Hello,
I am planning the architecture for a semantic search model using LLM on my custom data through RAG. I needed some help the stack i should use to build this that would be best for the use case as well as costs. I am lost with seeing lot of models like Cohere, azure apart from OpenAI or using embeddings from Pinecone or Mongo.
I will try my best to explain my use case below:
I have a fixed set of SKUs and a data of keywords around these SKUs that highlight its usage / keywords that are suited for the industry.
A typical flow would be:
User searches on my website about what he is looking for (perhaps with keywords that signal the industry or usage)
LLM suggests what SKUs may suit based on the industry or intended application and generate multiple options with the available SKUs.

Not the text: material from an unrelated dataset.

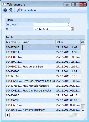 … kann eine Liste aller Telefonanrufe abgerufen werden. Voraussetzung dafür ist, dass das Programm CWLTAPI im Einsatz ist.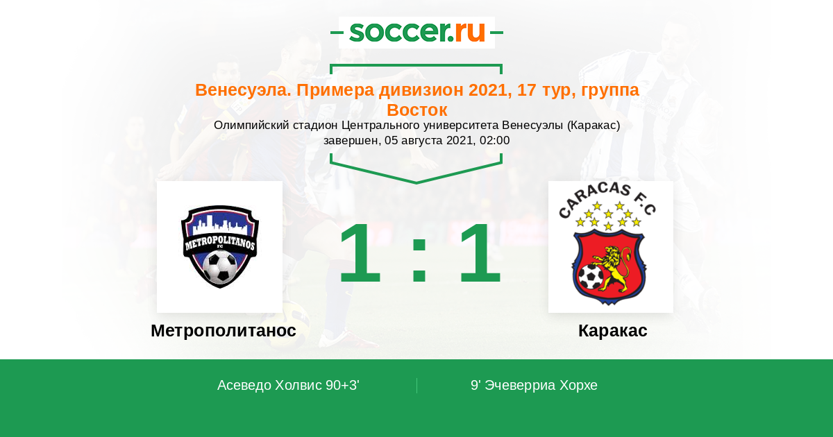 Метрополитанос - Каракас: обзор матча 5 августа 2021

I would want the above options generated in json format so that i can call external apis to check availability and pricing of those options
I would also like to ensure that the LLM gets the regional context of certain words based on the location of the user (this won’t be multi-lingual but certain words in English may phonetically sound similar to a word in regional language). If i pass it as a data point in RAG, would it be able to handle it?
thank you for reverting.
Its not a keyword search exactly. Those keywords are just to help ensure that the specific SKU is captured when something similar is searched.
Although, your question makes me wonder if adding those keywords is necessary in the first place if the LLM model can do its semantic search.
Like for example a search term that perhaps contains a keyword “handmade” may be a boutique.
In other words i am trying to find the type of industry or business from a search.
Now i have data of where a particular product would be more suitable (i.e. keywords)
Hence, need AI / LLM based approach here. Now i wonder if LLM needs this data in the first place - maybe a trial and error approach that i will have to figure out.
Another thing is this data will not require constant updation. It maybe that this data is changed once in a month initially and later even lesser periods mainly to optimize for output.
What i have done so far is upload that data in a pdf to my custom GPT and the output i received was very good.